Extreme Anti-Choice Measure Voted Down in Senate

The Senate today voted down a restrictive anti-choice amendment to health care reform legislation. The amendment, which would have prohibited health insurance plans that participate in the new exchange from providing full reproductive health benefits to millions of American women, was modeled on language in the House bill proposed by Representatives Bart Stupak and Joseph Pitts.

"The Senate was right to turn down this extremely restrictive language," said Michael B. Keegan, President of People For the American Way. "One of the principles for reform laid out by President Obama was that if you like your health care, you’ll be able to keep it. This amendment would have done the opposite. Millions of women who already have comprehensive reproductive health care would have lost it. Today’s vote is a strong signal that anti-choice language has no place in this bill."

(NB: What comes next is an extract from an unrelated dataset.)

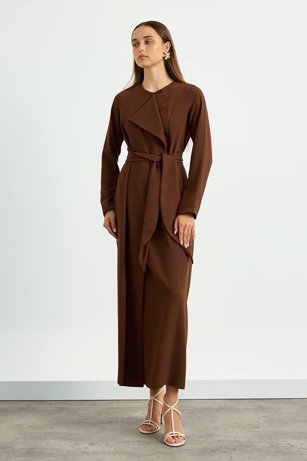Kahverengi Yaka Detaylı Kuşaklı Elbise

"The language of the Stupak Amendment is outrageous," said Kathleen Turner, board member of the affiliated People For the American Way Foundation. "I’m glad that the Senate stood up so powerfully to right-wing activists who want to hold health care reform hostage. But this is just the first hurdle. Anti-choice leaders are working hard to restrict women’s health care options. Everyone who cares about health care reform and reproductive freedom should continue pushing their elected officials to oppose restrictive anti-choice language in the health care bill."